Cimeira do Clima 2014. Foto: ONU/Cia Pak

Edgard Júnior, da Rádio ONU em Nova York.

O secretário-geral da ONU anunciou várias iniciativas para combater a mudança climática na Cimeira do Clima 2014, realizada esta terça-feira na sede das Nações Unidas, em Nova York.

Segundo Ban Ki-moon, chefes de Estado, empresários e representantes da sociedade civil concordaram em implementar ações nos setores financeiro, indústria, agrícola e de florestas.

Coalizões

A proposta é formar coalizões de cidades, empresas e cidadãos com o objetivo de cortar as emissões dos gases que causam o efeito estufa, fortalecer a resiliência aos impactos climáticos e do aquecimento global.

Ban afirmou que "a mudança está no ar". Segundo ele, a Cimeira do Clima mostrou uma nova forma de cooperação global e que muitos parceiros estão prontos para confrontar os desafios climáticos.

O chefe da ONU disse que "o mundo finalmente acordou para as oportunidades sociais e econômicas na ação contra a mudança do clima". Para Ban, "a conferência mostrou um nível de ambição nunca visto antes e produziu ações e iniciativas que vão fazer uma diferença significativa".

US$ 200 Bilhões

Entre as principais ações anunciadas estão a mobilização para arrecadar  US$ 200 bilhões em recursos financeiros dos setores público e privado até o fim de 2015. Metade desse valor virá de investidores institucionais.
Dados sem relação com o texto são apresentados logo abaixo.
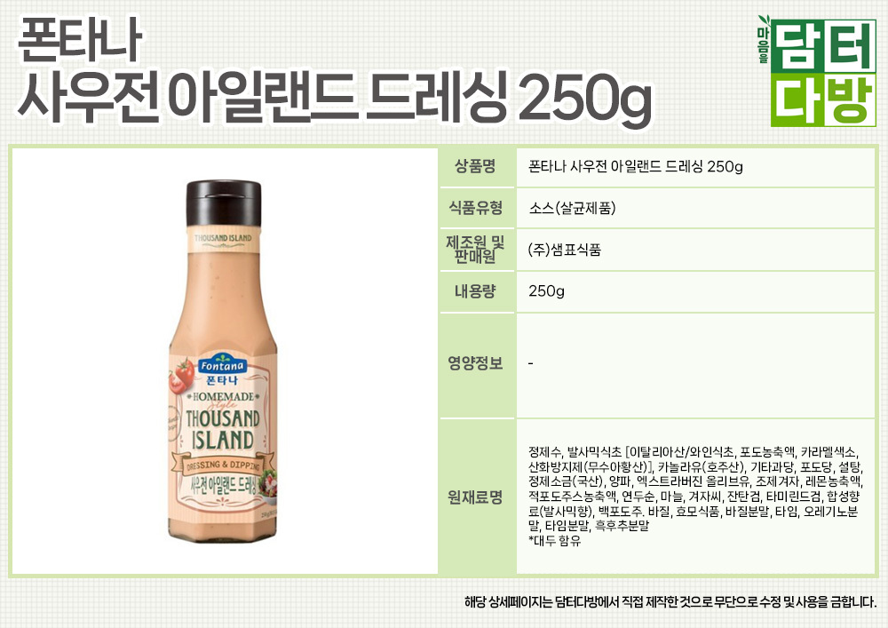 폰타나 사우전 아일랜드 드레싱 250g X 3개

O dinheiro será utilizado em investimentos em baixo carbono, em novas tecnologias e serviços para reduzir as emissões de gases, principalmente em países em desenvolvimento.

Companhias de gás e petróleo e países produtores se uniram para cortar as emissões do gás metano, fuligem e hidrofluorcarbono, HFCs. Esses poluentes são responsáveis por boa parte do aumento da temperatura global.
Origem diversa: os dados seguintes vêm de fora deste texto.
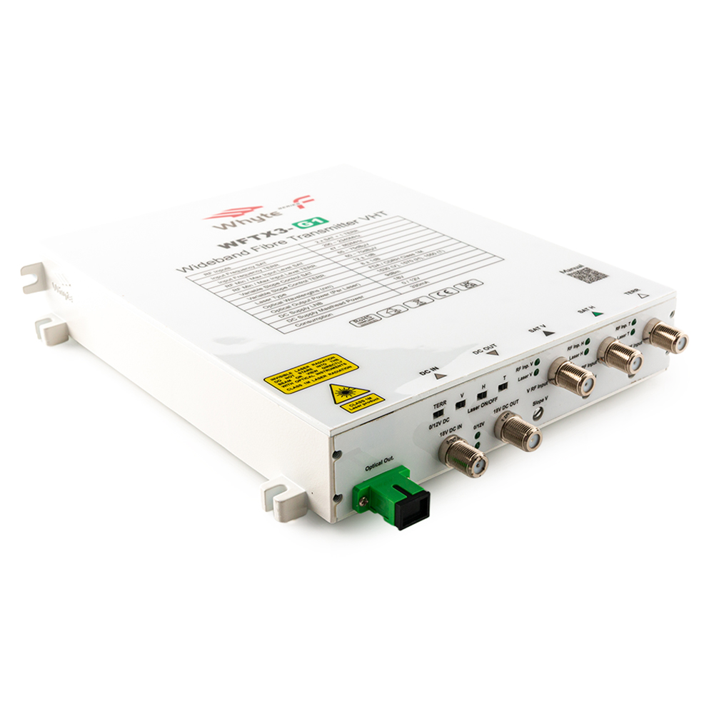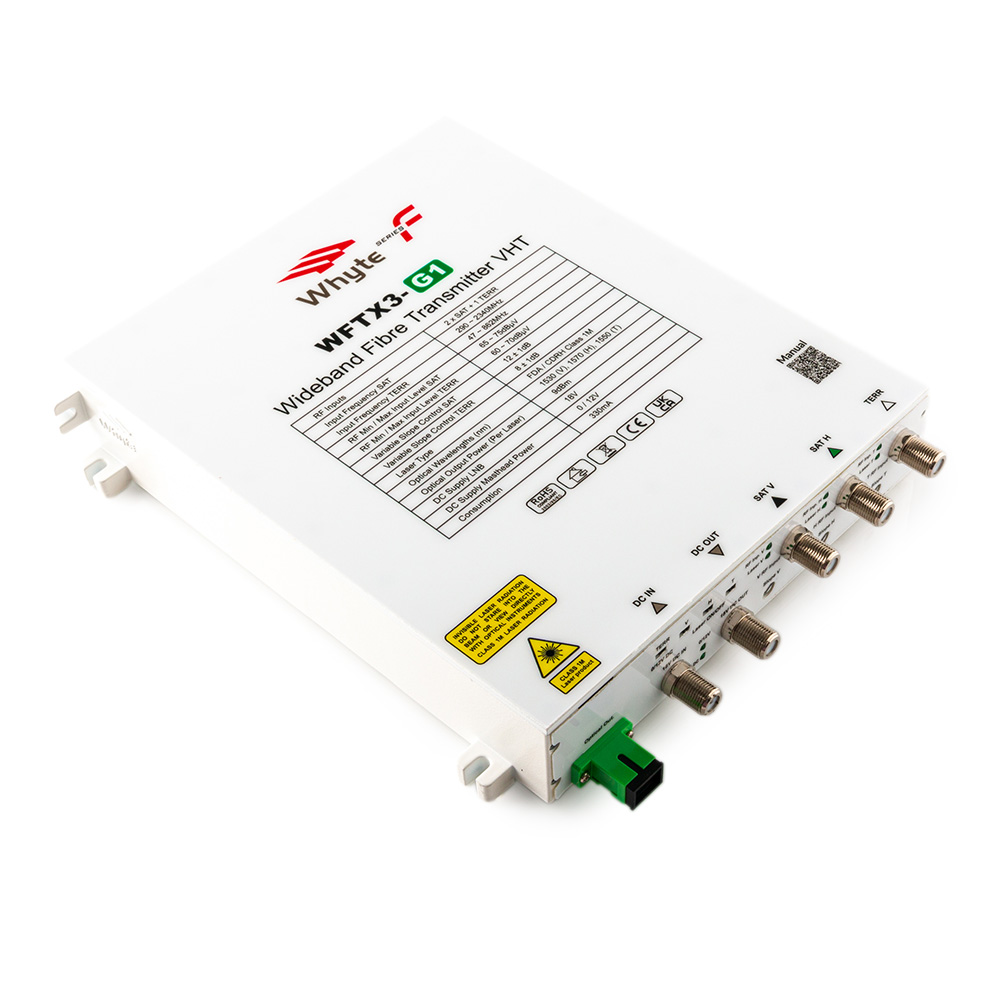 The V and H SAT inputs are compatible with all Wideband LNB’s and will accept any signals within the 290~2340MHz range. The TERR input 47 ~ 862MHz supports FM, DAB and DTT. The WFTX3-G1 features DC in and DC Output, Laser On/Off switches for V, H & TERR, Variable Slope Control for V, H and TERR and Masthead Power switch for enabling/disabling 12V DC at the TERR RF input. The WFTX3-G1 is a three-laser CWDM device.
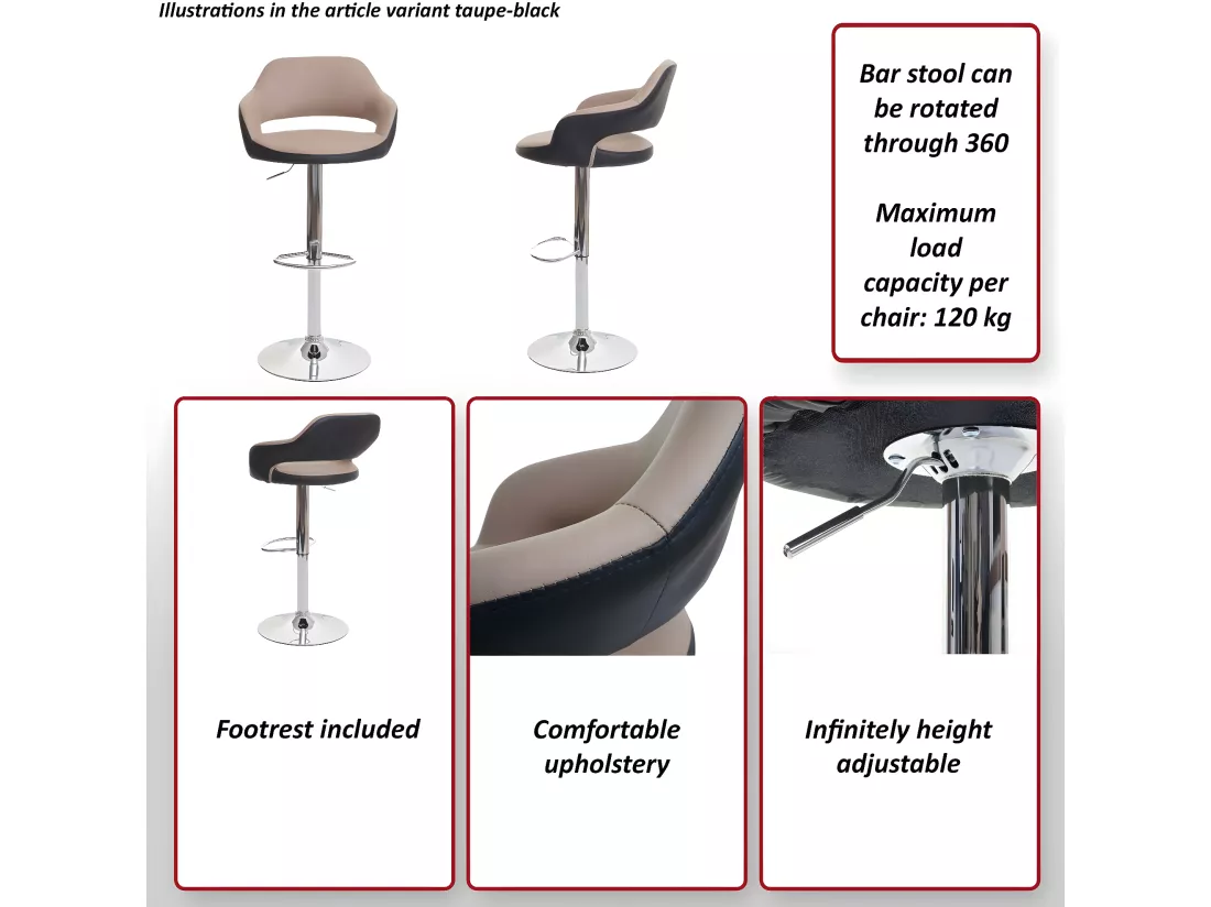 Le tabourest de bar est rotatif de 360° et se fait facilement régler en hauteur en continu. Grâce au repose-pied, vous allez pouvoir vous asseoir confortablement pendant longtemps.
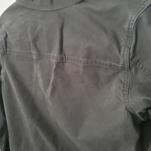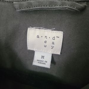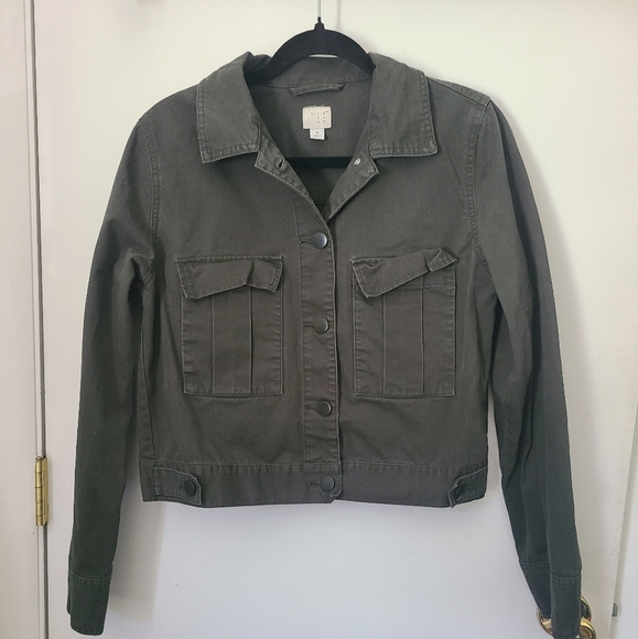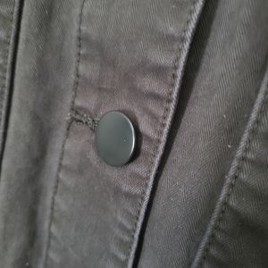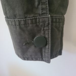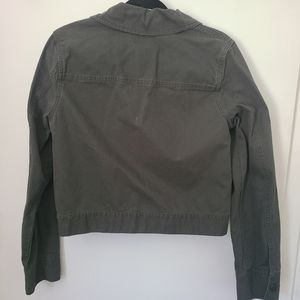 Lightly worn! Cropped. 5-button closure. Button closure on both sleeves. Button detail on left and right bottom sides (non-functional). Tall, functional front pockets. Minimal stretch.
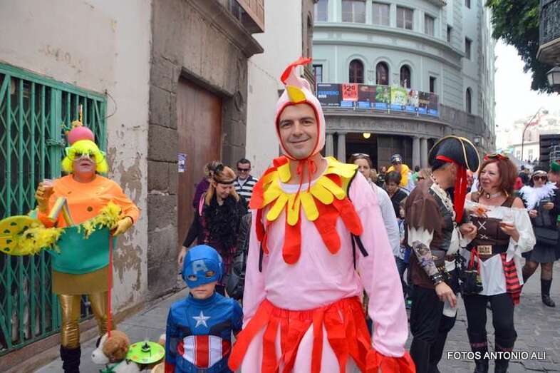 Las calles Obispo Codina, Calvo Sotelo, Pelota y Mendizábal y la plaza Mesa de León se llenaron de mascaritas en torno a la quinta edición de esta fiesta, celebrada por el Ayuntamiento capitalino en colaboración con la Asociación Vegueta de Ocio y Restauración (AVOR).

Segundo os especialistas, uma ação é necessária especialmente no setor petroleiro, que é responsável por mais de 20% das emissões de metano, atrás apenas do setor de agricultura.

Florestas

Mais de 150 parceiros, incluindo 28 países, firmaram a Declaração sobre Florestas que determina a redução, pela metade, do desmatamento até 2020 e o fim da prática até 2030.

Na agricultura, a meta é ajudar 500 milhões de pequenos agricultores a reduzir as emissões e aumentar a resiliência.

As cidades, que são responsáveis por 70% das emissões que causam o efeito estufa, terão um papel importante na redução da poluição.

Mais de 200 prefeitos de várias partes do mundo adotaram estratégias para cortar as emissões. Isso pode evitar o despejo de 2 gigatoneladas de dióxido de carbono na atmosfera.

O setor de transportes contribui com aproximadamente 22% das emissões de gases que causam o efeito estufa e quase 19% das emissões de fuligem.

A meta é que os veículos elétricos correspondam a pelo menos 30% da frota total de carros. Outro objetivo é melhorar a eficácia dos meios de transportes.